Join a high-impact engineering team building the foundation for search, ranking, and personalization at scale. You'll develop machine learning models that process hundreds of millions of items daily, ensuring fast, accurate, and relevant results for a broad user base. This role is central to shaping how users discover content and interact with the platform.
What You’ll Do
- Design, train, and deploy machine learning models focused on search relevance, ranking, and personalized experiences.
- Optimize systems for performance, reliability, and real-time inference at scale.
- Collaborate with backend and infrastructure teams to integrate models using GraphQL, Prisma, Node.js, Python, and gRPC/Protobuf.
- Iterate on model accuracy and system efficiency based on data-driven insights.
- Help define the long-term vision and technical roadmap for machine learning capabilities.
What We’re Looking For
You have at least three years of experience deploying ML solutions in production environments, with direct work in ranking, recommendations, or personalization systems. Proficiency in PyTorch and real-time data processing is essential. You’re comfortable integrating models into backend services and thrive in a fast-paced, builder-oriented culture.
Experience with consumer-facing search or recommendation products is a strong plus, especially at companies with large-scale data challenges.
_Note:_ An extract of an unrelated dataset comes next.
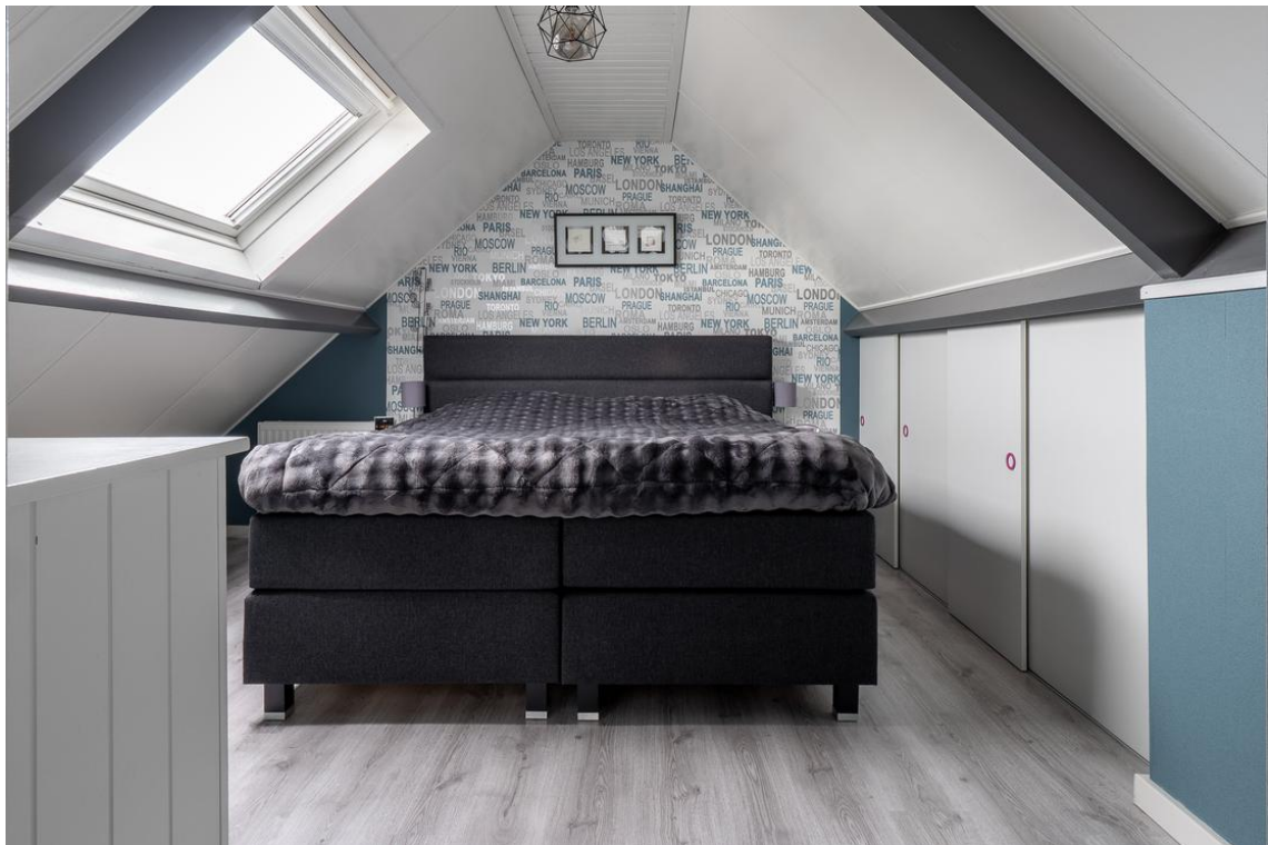
Evertskamp 5 te Haarle

Prior work at tech-first consumer platforms will set you apart.
Environment & Expectations
This role operates in a high-intensity startup environment that values rapid experimentation, end-to-end ownership, and intrinsic motivation. You should be comfortable working independently, shipping quickly, and iterating based on real-world feedback. The position is hybrid, with primary locations in New York and San Francisco, and remote flexibility for candidates based in those areas.
Compensation & Benefits
Base salary ranges from $190,000 to $260,000 annually, with a competitive equity package. You’ll work alongside seasoned engineers from top consumer tech companies and help build core ML systems from the ground up, directly influencing product strategy and technical direction.